Data are often transformed before analysis. This can be as simple as normalizing or reshaping the data, or more pervasive such as done here. Each transformation needs validation. The data in this dashboard were collapsed into a single summary row for each unique combination of State, Gender, Education, and Question. Each new row summarizes the original data by saving the number of responses which were pooled together and the mean of the pooled responses.ExtractMess

As shown in the chart right, this process loses individual data. The distortion of the data becomes more pronounced as the group size increases. The left table below presents the aggregated data from Minnesota for the question “Do you use Cloth Napkins/Towels”. Row 7 is a single row representing the 4 Females with a Bachelors degree in Minnesota. The position of this group on the chart is marked with a pointer.  All we know is that there were four of them and that their answers on the cloth napkin question summed to 11 which gives a mean response of 2.75. The right hand  table below shows the seven possible combinations of the responses (numbers 1-5) which sum to 11. Any one of these could be the original data for record 7. Each of the Minnesota Female BAs are now reported as having a response of 2.75 which is not a valid response on the survey form. If the individual data were available and plotted on the chart above every point would be on one of the integer y-axis lines.
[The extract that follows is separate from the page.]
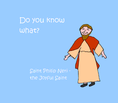 축일:5월26일 성 필립보 네리 사제 Saint Philip Neri San Filippo Neri Sacerdote St. Philippus Neri, C Also known as Philip Romolo Neri; Apostle of Rome; Amabile Santo Born:22 July 1515 at Florence, Italy Died:27 May 1595 Beatified:11 May 1615 by Pope Paul V Canonized:12 March 1622 by Pope Gregory XV Congregation of Priests of the Oratory Filippo = che ama i cavalli, dal greco = that it loves the horses, from the Greek
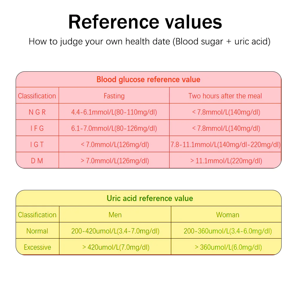 Вопрос: нужен ли мне пустой желудок для измерения мочевой кислоты?Ответ: рекомендуется тестировать на пустой желудок, а также избегать употребления алкоголя и продуктов с высоким содержанием пурина, таких как животное и морепродукты за день до этого.В: почему иногда результаты отличаются?Ответ: личностная ценность мочевой кислоты и уровень сахара в крови колеблются в различные сроки, и результаты теста будут зависеть от различных факторов, таких как диета и пищеварение, упражнения, лекарства, образцы крови, время хранения глюкозы в крови, неправильная работа и т. Д. Результаты больничных тестов также зависят от этих факторов, И оба имеют положительные и отрицательные отклонения, поэтому иногда разрыв является явным. Могут быть ошибки в мочевой кислоте/мониторинг уровня глюкозы в крови в следующих ситуациях:1. Большое потребление продуктов пурин перед использованием может повлиять на результаты анализа мочевой кислоты.2. Прежде чем использовать недавно открытую тестовую полосу в первый раз, не вставляя кодовую карту для калибровки, это непосредственно повлияет на результаты измерений.3. Образец крови слишком долго находится в воздухе.4. Начните всасывать кровь в области реакции, когда объем крови недостаточен.5 при использовании область всасывания образца тест-полоски загрязняется касанием пальца.

Record Gender Education Group size Mean
1 Male High school graduate 3 4.00
2 Male Some college, no degree 1 3.00
3 Male Bachelors degree 2 3.50
4 Male Masters, JD, MD or PhD 1 1.00
5 Female Some college, no degree 1 2.00
6 Female Associates degree 1 1.00
7 Female Bachelors degree 4 2.75
8 Female Masters, JD, MD or PhD 1 2.00
Which row is the original? Valid responses for record 7 in table left
1 1 1 4 5
2 1 2 3 5
3 1 2 4 4
4 1 3 3 4
5 2 2 2 5
6 2 2 3 4
7 2 3 3 3
The transformation clearly invalidates the entire study.